Polycythemia vera (PV) is classified as a myeloproliferative disorder (MPD). Such patients are prone to both thrombotic and hemorrhagic events. Although gastrointestinal (GI) bleeding is not a prominent manifestation of PV, it would be life threatening and necessitating hospital admission and blood transfusion if it occurs. GI hemorrhage in these patients may be due to Aspirin usage, peptic ulcer disease (PUD), acquired Von Willbrand disease, Dieulafoy lesion (DL), Mallory Weiss tear, and esophageal and gastric varices. In this case report, we describe a 65-year-old man with history of PV presented with a massive upper GI bleeding. After a therapeutic endoscopic hemostasis failure and reoccurrence of bleeding during hospital admission, an abdominal computed tomography (CT) was ordered, which revealed an aberrant artery originated from aorta directly into the stomach. An angiographic embolization was considered for the patient, which was successfully performed.
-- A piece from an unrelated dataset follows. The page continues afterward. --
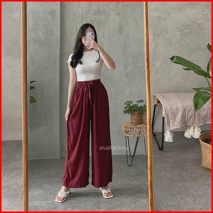 Murah Celana Kulot Rayon Kekinian Wanita Celana Kulot Highwaist Celanakulot Kulot Loose Pants Panjang
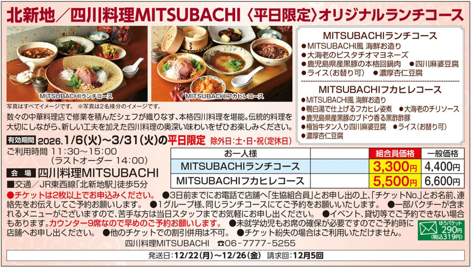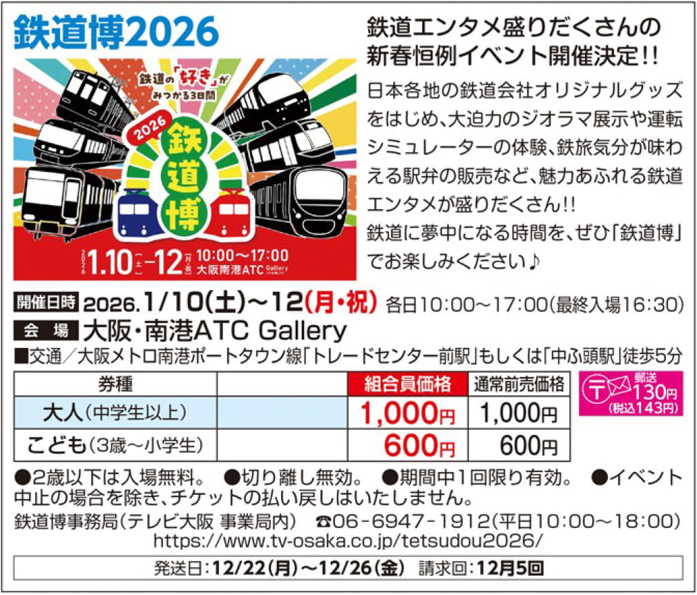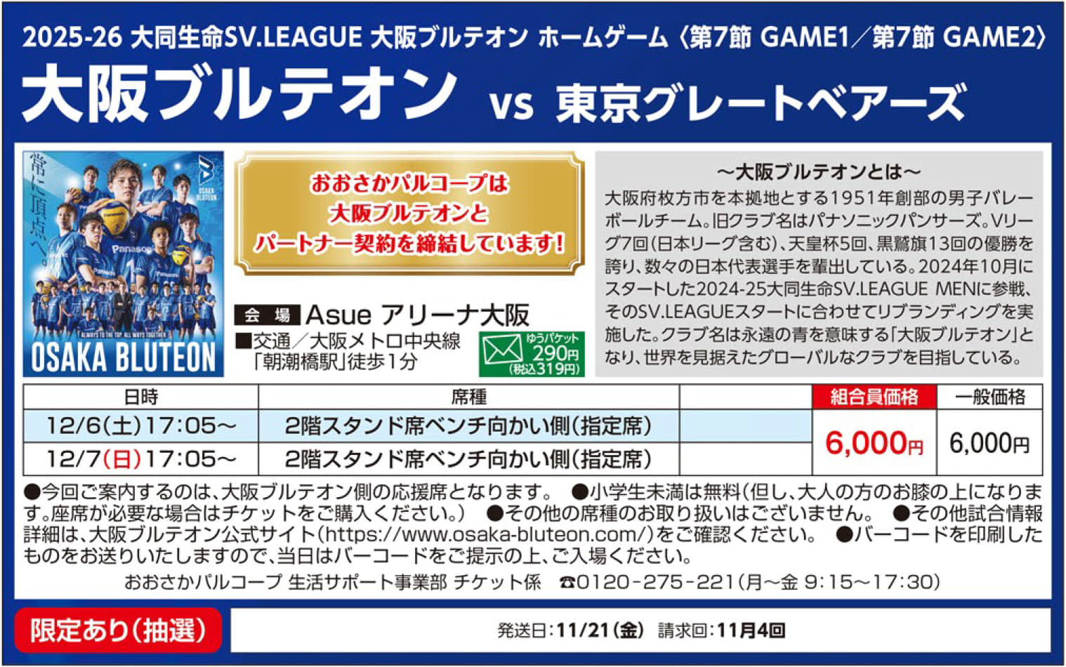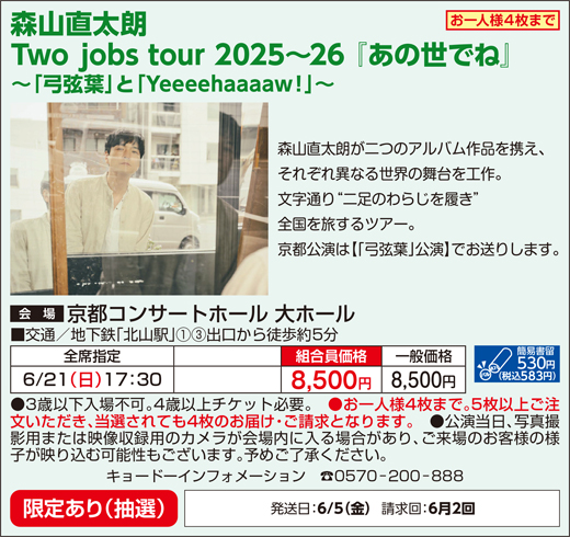 6/2回 | 8/30(金)17時決定 ※公共交通機関の運休等で来場困難な場合は払戻し可 |

Abdominal CT Scan revealed an aberrant artery originated from the celiac artery that was piercing into the fundus of stomach. Evidently, fundal oozing was attributed to a Dieulafoy lesion. Above that an old splenic arterial thrombosis and multiple collateral arteries around the pancreas were seen (figures 1, 2, 3, and 4). Portal and splenic veins were patent and were found without thrombosis. No evidence of left sided portal hypertension was detected in the angiogram (figure 5). The patient underwent celiac and mesenteric angiographic embolization with three vials of polyvinyl alcohol (PVA). There was no active bleeding from left gastric artery.

Our patient was complicated by splenic infarction due to splenic collateral arteries embolization and the overwhelming thrombotic tendency of the patient himself due to the history of PV. Fortunately, our patient’s signs and symptoms responded to supportive therapies and eventually he discharged well.